→ Problem statement: Exact copy, no pictures: return only the lines below from the line with "Kajce towarzyszy drugi, bezimienny" up to and including the line with "- Okta FastPassによるサインイン時、Chromeが「ローカルネットワークへのアクセス許可(Local".
○ ○ ○ ○ ○ ○ ○
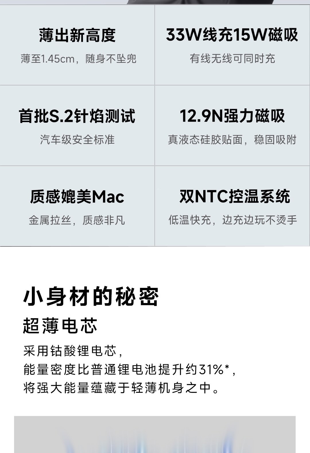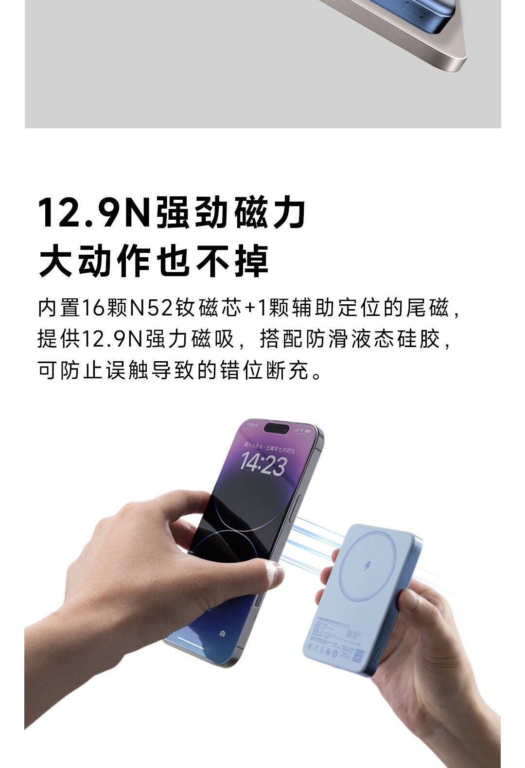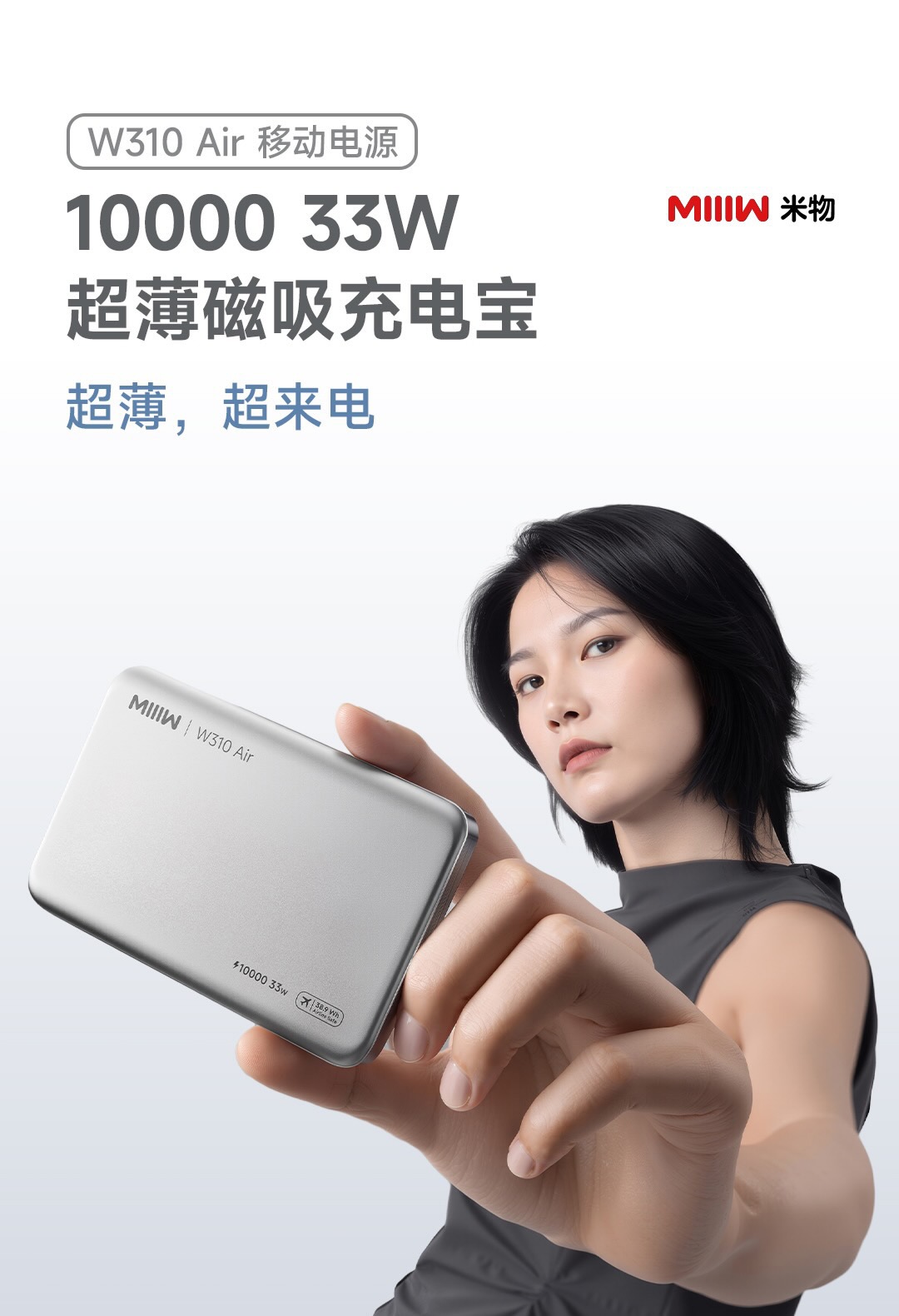 米物 磁吸充电宝10000毫安 33W 快充移动电源 天际蓝 适用苹果17系列
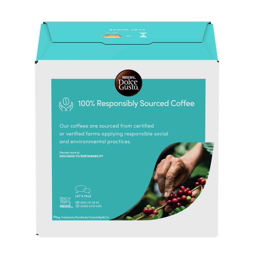 Discover our NESCAFÉ® Dolce Gusto® Flat White Coffee pods bundle. Bring this delicious creation straight from trendy Australian coffee shops to your home. With 96 pods available, you can enjoy an aromatic espresso combined with a fine milk foam, offering a balanced coffee with velvety notes. This pack includes: 6x Flat White
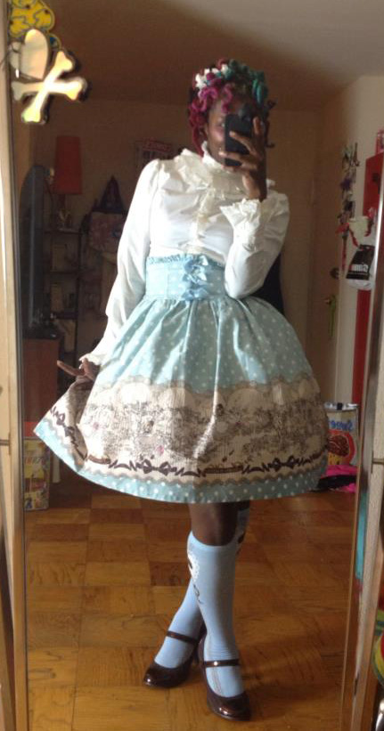 Imani: My name is Imani K. Brown. I’m an artist- tattoo artist & illustrator from the DC area. I am also a Lolita (as often as time permits, these days LOL) and specifically lean towards a (bitter)sweet style in the fashion, most times. In Lolita, I am an admin for one of DMV’s local comms, Metro Lolitas, which is specific to DC and the Metro public transportation lines.
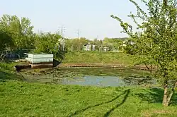 Kajce towarzyszy drugi, bezimienny staw, o prawie okrągłej linii brzegowej. Znajduje się kilkadziesiąt metrów na południowy zachód, na terenie tych samych ogrodów działkowych.
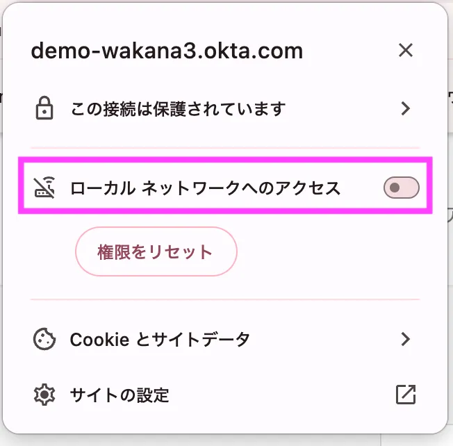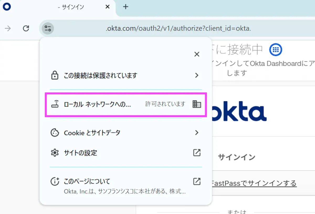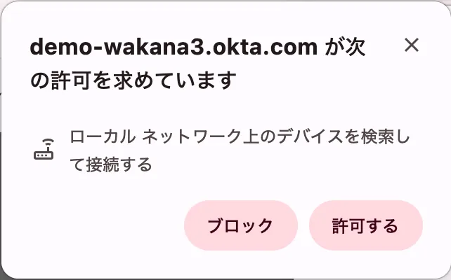 - Okta FastPassによるサインイン時、Chromeが「ローカルネットワークへのアクセス許可(Local Network Access)」を求めるプロンプトを表示するようになります。
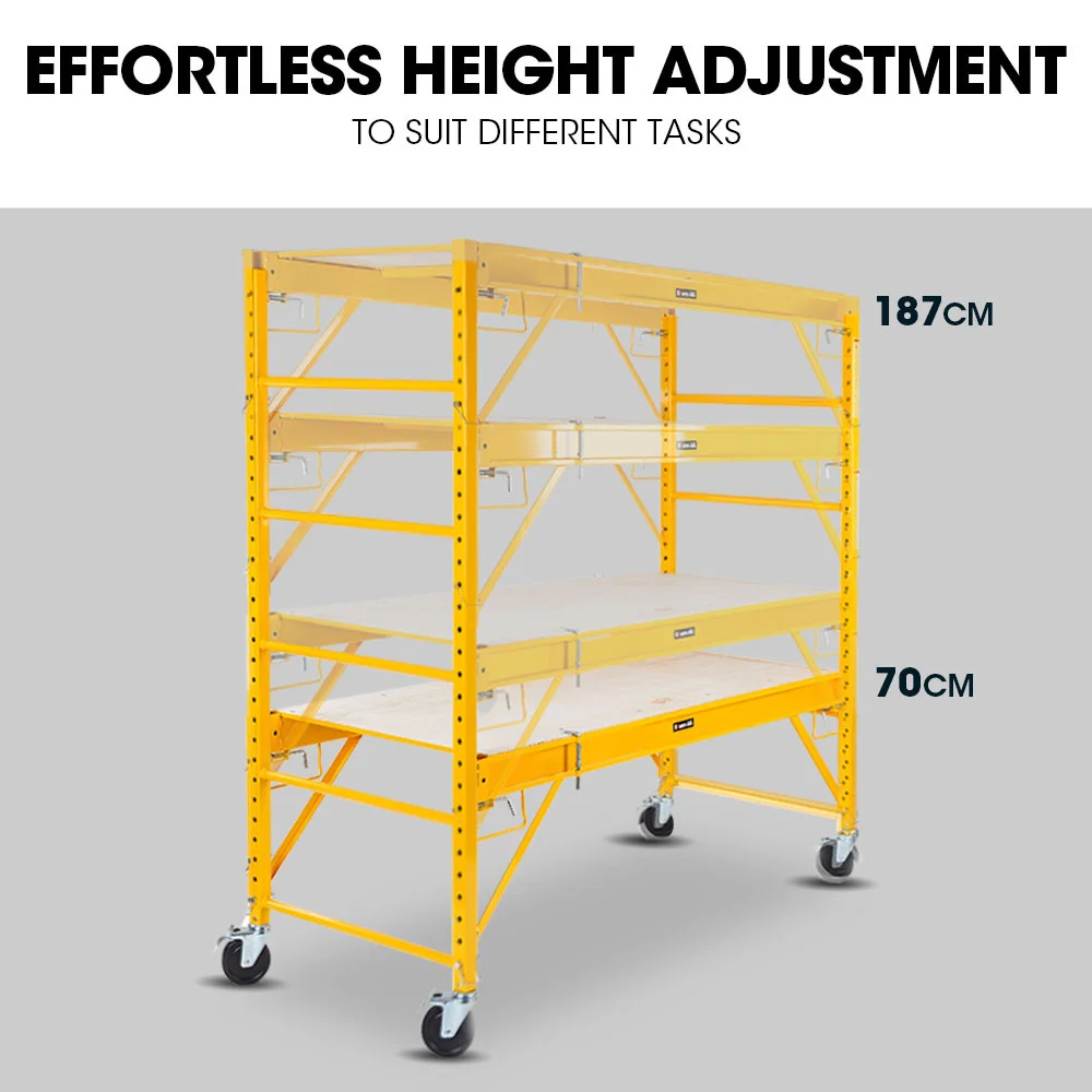 Elevate your work to the next level with the Baumr-AG Mobile Adjustable Scaffold with Trap Door. This heavy-duty powder coated steel unit has been designed to provide the safest and easiest solution to raising your working height. In fact, this unit has been designed so that it can be effortlessly assembled and adjusted by a single person working on their own. This is largely thanks to the fast and secure pin loaded platform lock system, allowing users to incrementally raise and lower the work platform between 70cm and 187cm. The scaffold comes equipped with a trap door hatch for easy, convenient access.
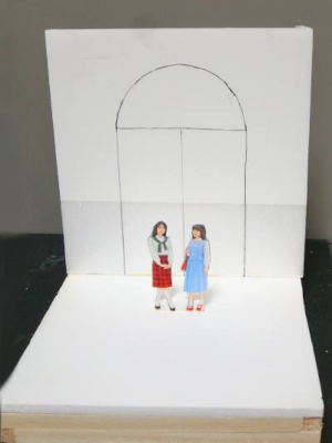 右は壁の右端を2cmほど手前に出し、主人公を心持ち左に移動し斜めに構えさせる。こうすることで奥行きが感じられるようになる。ちょうど
○ ○ ○ ○ ○ ○ ○
→ Final answer:
 Kajce towarzyszy drugi, bezimienny staw, o prawie okrągłej linii brzegowej. Znajduje się kilkadziesiąt metrów na południowy zachód, na terenie tych samych ogrodów działkowych.
 - Okta FastPassによるサインイン時、Chromeが「ローカルネットワークへのアクセス許可(Local Network Access)」を求めるプロンプトを表示するようになります。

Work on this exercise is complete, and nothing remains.